### INFORMATION SUPPLIED
........
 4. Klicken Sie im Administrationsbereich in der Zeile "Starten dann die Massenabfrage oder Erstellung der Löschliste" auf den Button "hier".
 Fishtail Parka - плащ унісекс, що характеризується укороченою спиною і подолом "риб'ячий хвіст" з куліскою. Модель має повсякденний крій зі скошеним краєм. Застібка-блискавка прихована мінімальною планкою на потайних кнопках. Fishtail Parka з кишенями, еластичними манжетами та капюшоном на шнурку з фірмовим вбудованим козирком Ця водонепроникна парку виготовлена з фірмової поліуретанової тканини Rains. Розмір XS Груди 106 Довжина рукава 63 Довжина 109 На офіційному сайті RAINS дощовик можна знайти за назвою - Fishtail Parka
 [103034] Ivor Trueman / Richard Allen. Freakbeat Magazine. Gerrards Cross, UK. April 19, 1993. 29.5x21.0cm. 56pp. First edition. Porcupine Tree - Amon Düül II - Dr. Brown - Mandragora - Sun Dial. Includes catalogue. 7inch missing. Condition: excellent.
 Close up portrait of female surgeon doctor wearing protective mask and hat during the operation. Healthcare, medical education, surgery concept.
........
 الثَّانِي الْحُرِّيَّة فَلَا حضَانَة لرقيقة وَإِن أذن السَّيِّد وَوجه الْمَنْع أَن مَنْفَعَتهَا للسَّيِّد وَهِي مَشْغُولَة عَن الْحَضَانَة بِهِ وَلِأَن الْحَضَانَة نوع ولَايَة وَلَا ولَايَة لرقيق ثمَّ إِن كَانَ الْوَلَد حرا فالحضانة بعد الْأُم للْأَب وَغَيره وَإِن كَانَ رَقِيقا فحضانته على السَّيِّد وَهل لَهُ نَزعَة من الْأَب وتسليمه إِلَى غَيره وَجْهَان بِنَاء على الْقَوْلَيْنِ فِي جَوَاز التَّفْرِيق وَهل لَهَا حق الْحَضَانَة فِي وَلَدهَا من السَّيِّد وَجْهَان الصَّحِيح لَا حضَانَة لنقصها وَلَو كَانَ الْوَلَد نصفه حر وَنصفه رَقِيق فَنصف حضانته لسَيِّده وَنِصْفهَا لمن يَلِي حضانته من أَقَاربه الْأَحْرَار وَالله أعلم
........
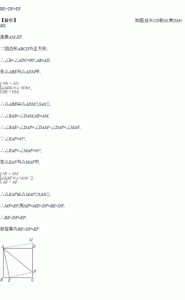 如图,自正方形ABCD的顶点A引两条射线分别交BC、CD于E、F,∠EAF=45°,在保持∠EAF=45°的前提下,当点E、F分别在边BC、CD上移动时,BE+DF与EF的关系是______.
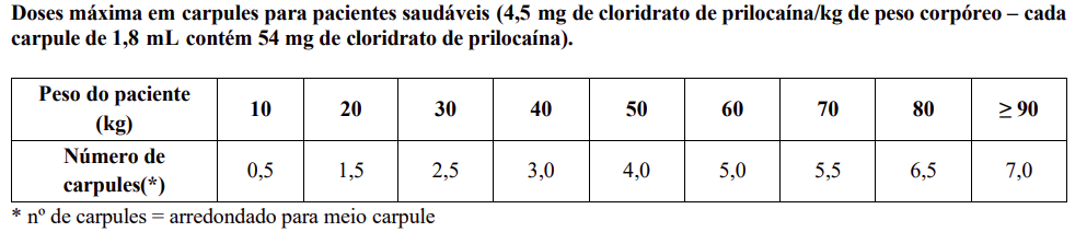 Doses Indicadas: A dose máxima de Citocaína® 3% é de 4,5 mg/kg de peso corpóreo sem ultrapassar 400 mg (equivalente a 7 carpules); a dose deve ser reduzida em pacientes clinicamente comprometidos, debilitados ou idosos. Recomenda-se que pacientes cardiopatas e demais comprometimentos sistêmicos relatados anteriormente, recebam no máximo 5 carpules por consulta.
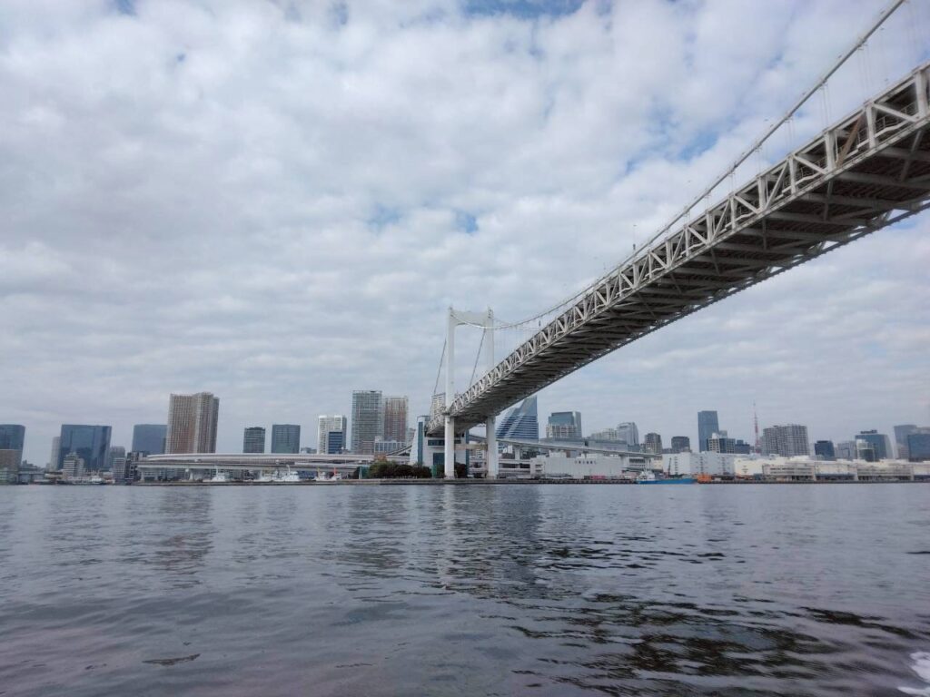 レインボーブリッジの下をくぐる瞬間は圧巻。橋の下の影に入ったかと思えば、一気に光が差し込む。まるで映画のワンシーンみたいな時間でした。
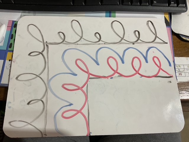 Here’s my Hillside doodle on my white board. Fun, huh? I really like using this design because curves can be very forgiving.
........
### WORK TO BE COMPLETED
With the pictures removed, print only the lines starting at the line that has "Doses Indicadas: A" and ending at the line that has "Here’s my Hillside", both ends included, exactly as they stand above.

### RESULT OF THIS EXERCISE
 Doses Indicadas: A dose máxima de Citocaína® 3% é de 4,5 mg/kg de peso corpóreo sem ultrapassar 400 mg (equivalente a 7 carpules); a dose deve ser reduzida em pacientes clinicamente comprometidos, debilitados ou idosos. Recomenda-se que pacientes cardiopatas e demais comprometimentos sistêmicos relatados anteriormente, recebam no máximo 5 carpules por consulta.
 レインボーブリッジの下をくぐる瞬間は圧巻。橋の下の影に入ったかと思えば、一気に光が差し込む。まるで映画のワンシーンみたいな時間でした。
 Here’s my Hillside doodle on my white board. Fun, huh? I really like using this design because curves can be very forgiving.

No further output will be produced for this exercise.